A = Agemaki

Agemaki from Zakuro anime

Kei Agemaki is a loyal and obedient son who joins the ranks of the imperial army of which his father is a general. This sounds like a super boring character, doesn’t it? That’s why I love Agemaki! When a writer can take an archetype that is perceived as common and run of the mill and still compel me to want to learn more I get excited.

Agemaki is one of two protagonists in the world of Otome Yōkai Zakuro set during the Westernization of an alternate Japan. The stories were developed for television in Japan from a manga series of seven volumes. The anime shortened to Zakuro centers around the title character, a female fox spirit whom Agemaki is partnered and falls in love. It’s his relationship with Zakuro and the other members of the Ministry of Spirit Affairs that define this anime.

Agemaki Scared of Spirits

What makes Agemaki so compelling is he’s severely frightened of the spirits with which he has been assigned to work. As his position is one of some political clout he has great potential to embarrass his father and lose face with a man he fears more than spirits. These ideas while great to explore with a character in general are also at the core of Japanese culture: that family is important, that you and your actions are a reflection on them and that having your elders respect you is paramount to your success as a person. So on top of getting to witness how a character overcomes his fear we get to experience Japanese culture in a very real way.

Agemaki with Zakuro

Of course, Zakuro as a spirit herself is a principal proponent in overcoming his crippling fear. Her calling him a wuss all the time is certainly a different take on using peer pressure to inspire a change. I think though this is partially why he falls so hard for Zakuro and no matter how she feels is why he uses all the boring characteristics found in his character to be there at her side while she faces her own battles. He isn’t a macho man who takes care of everything, he’s not even the real threat to the enemy, yet in the end he’s still as manly as they come.
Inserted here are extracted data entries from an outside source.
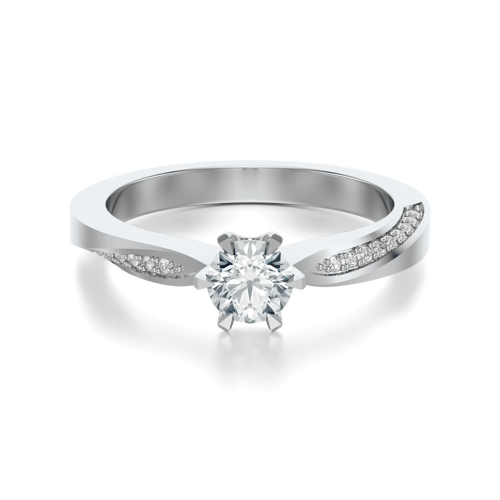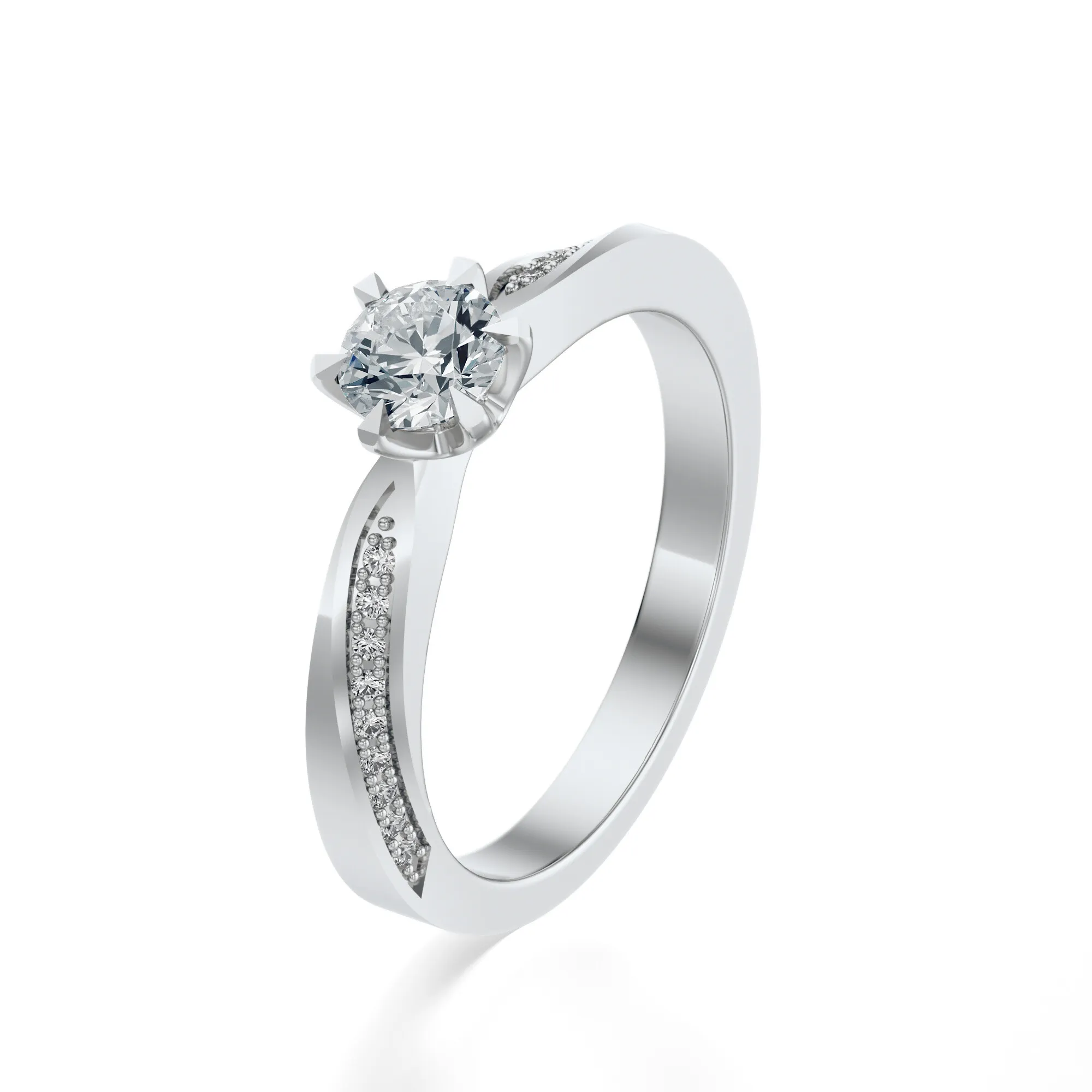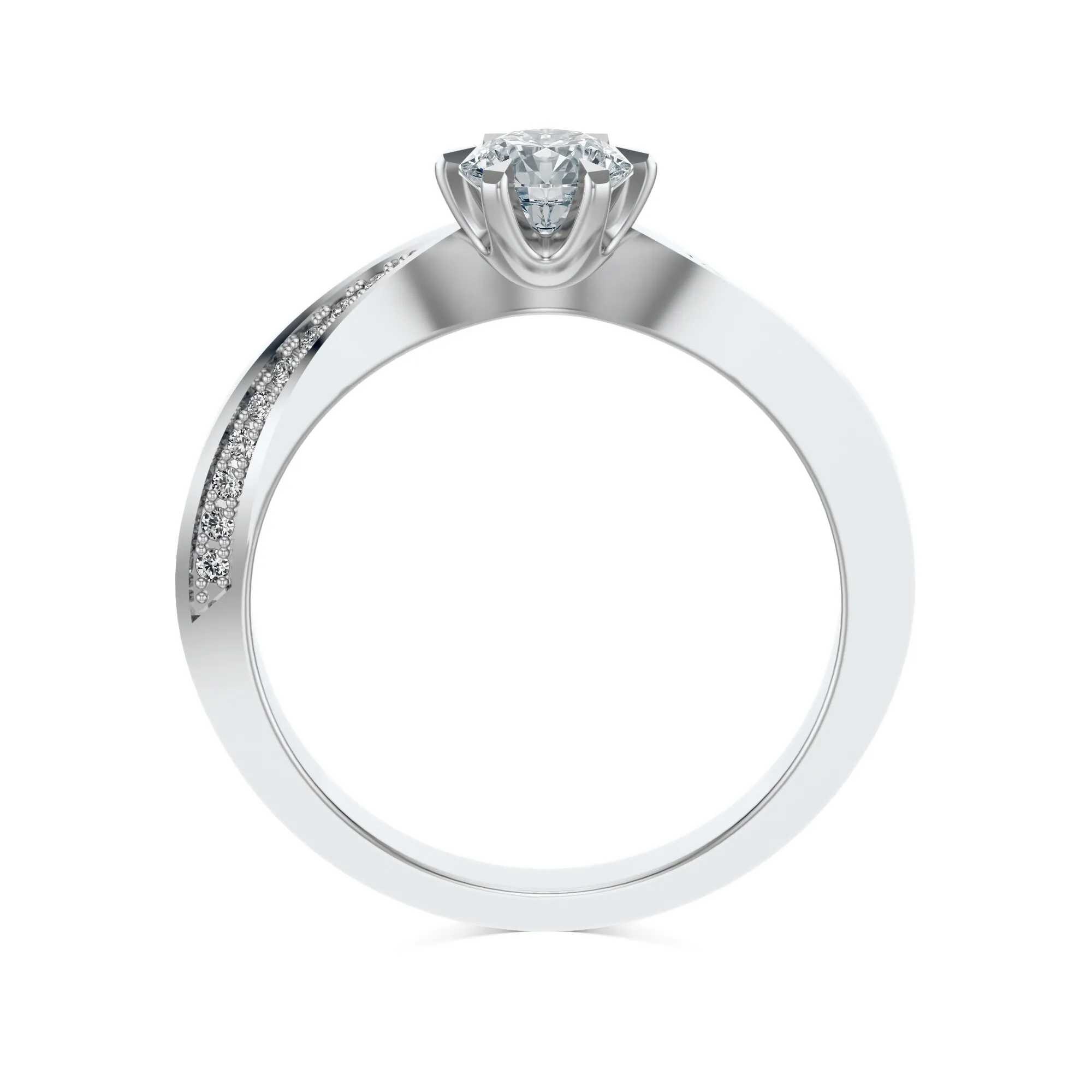 Diamenty osadzone w tym modelu charakteryzują się doskonałym szlifem typu Excellent, czystością VS2 i barwą H. W zależności od preferencji klienta, dostępne są różne masy kamieni: od 0.30 do 0.70ct. Precyzja szlifu i jakość surowców wpływają bezpośrednio na jego imponujący blask i ponadczasową estetykę.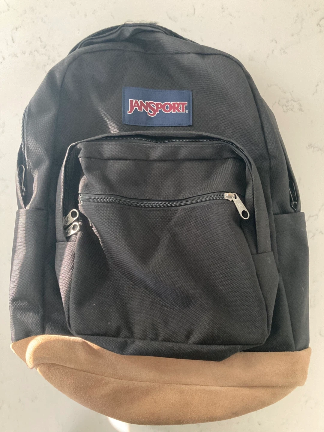 Here's a JanSport Right Pack backpack in a classic black and brown colour combo! It's made with a durable fabric and has a suede leather bottom. Perfect for any occasion.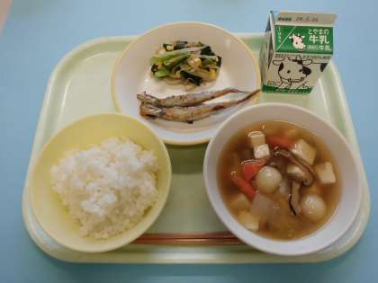 今日の給食は、ごはん、牛乳、ししゃものから揚げ、コーン和え、白玉汁です。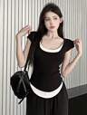女式针织船领纽扣装饰短袖T恤,夏季新款修身短款上衣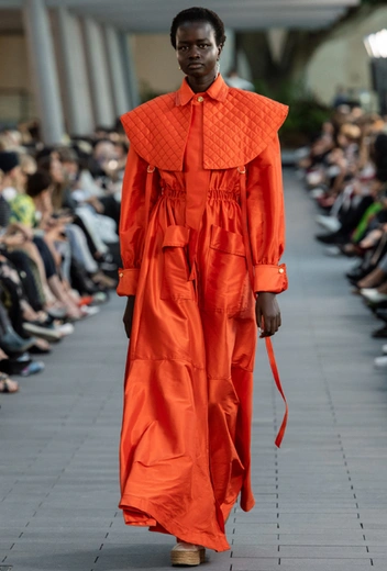 Самую желанную (и довольно броскую) вещь предлагает нам Jonathan Simkhai: дизайнер интегрирует в романтичную коллекцию яркий огненный бомбер с переливами шафрана и апельсинового цвета – безусловный хит будущей зимы и следующего лета.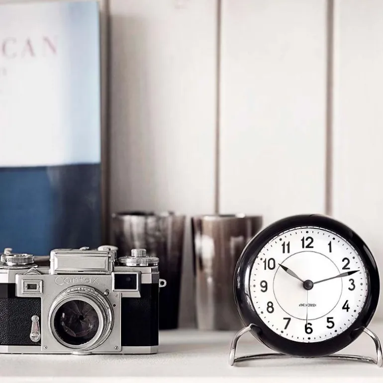 Få kontroll over tiden og sjekk tidens innredningstendenser. Arne Jacobsens Station-klokke ble opprinnelig tegnet til el-vare-produsenten LK i 1941. Originaldesignen for den ikoniske klassikeren er nå gjenskapt og forvandler en anonym hvit vegg til et markant designstatement. Den grafiske designet understrekes av en toppring i sort aluminium. Finnes i tre størrelser, her i mellomstort format. En god gaveide som vil gå i arv i generasjoner.
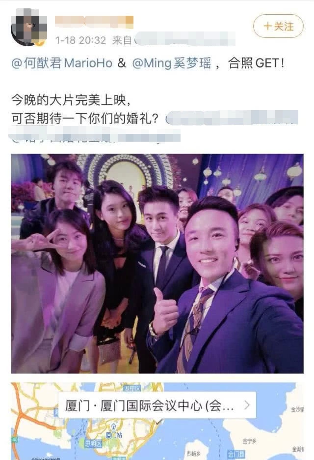 近日,何猷君与奚梦瑶结伴赴厦门参加婚礼被认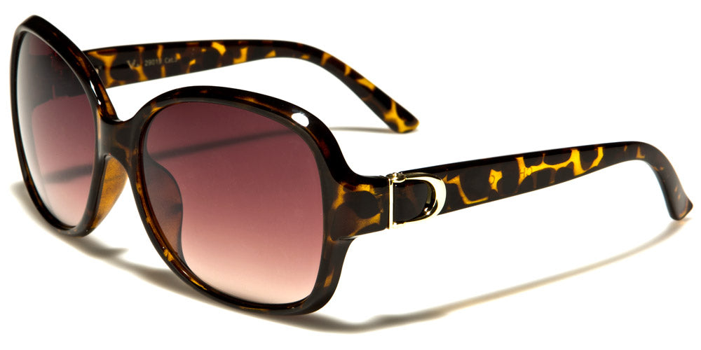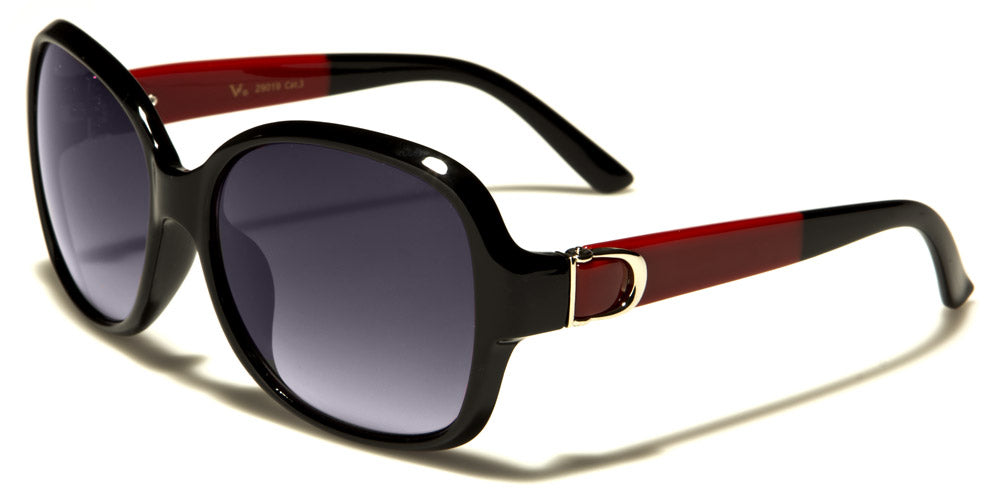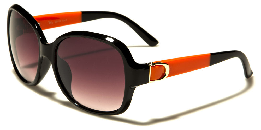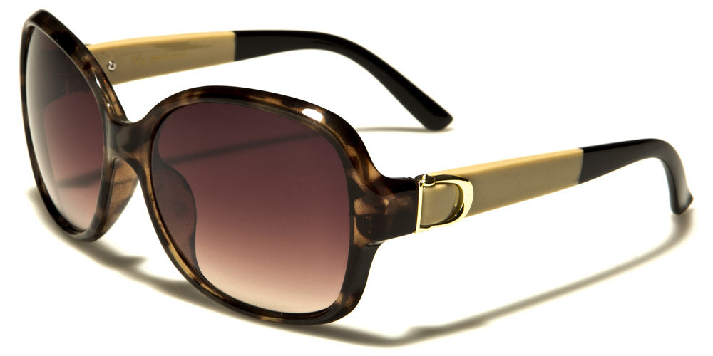 Butterfly sunglasses for women with a modern style, these attractive shades are made by VG and will definitely get you noticed. The frame is solid plastic, made for its strength and durability. The arms are straight with a two-tone finish and a silver stirrup at the front. The lenses are large and oval, with a dark finish that protects your eyes from ultraviolet rays and helps you keep your privacy. Choose from a variety of colors and patterns.

At heart Agemaki is a nice guy. And everyone knows good spells out to b-o-r-i-n-g! Yet Kei Agemaki makes you want to root for the nice guy, the ineffectual guy. I know he inspires in me a desire to create a good man who wins at the end of the story, overcoming great odds and forces for evil, all in the name of supporting the one you love and care for. Who can fault that?

AtoZ Challenge Logo smallThis month I’m participating in a writing challenge to post everyday in April (except Sundays) called the A to Z Challenge. I’m exploring my love of characters, find the full list here. Read some of my other writing posts here. What characters do you love?


11 thoughts on “A = Agemaki”

    1. A large majority of my character choices are from books! Haha, I know anime and other television isn’t for everyone, but if he were a book, wouldn’t Agemaki be a great hero?! Thanks for stopping by!

  1. I’m participating in the #atozchallenge as well; how could I resist visiting another writer’s blog with “perspective” in the title!?

    Plot and action move a story forward; characters are what really keep us reading, though, because they answer the question: “Why should I care?” A story with characters we can relate to and care about is a winner. Thanks for this interesting perspective on Kei Agemaki – how we relate to our elders is a universal theme with cultural appeal. And rooting for the underdog, or seeing the less-than-heroic-and-perfect succeed (because who, among us, is heroic or perfect ALL the time?) is also something most readers can enjoy.

    1. Thanks for stopping by here – you are right, perspective in the name intrigues me as well (I’ll stop by soon!)

      We are on the same wavelength! Characters to me are most important because like people if we feel strongly about them then we’ll follow them anywhere.

      Agemaki is the first of 26 characters who has unusual point of views that I find really compelling. He’s a special one for me as he is so weak seeming. Haha. Thanks for the detailed comment – I love it!

    1. Yeah, I’ve only seen the anime so far but I love to go back and pick up the manga to see where they deviated or cut from the source material. Thanks for stopping by!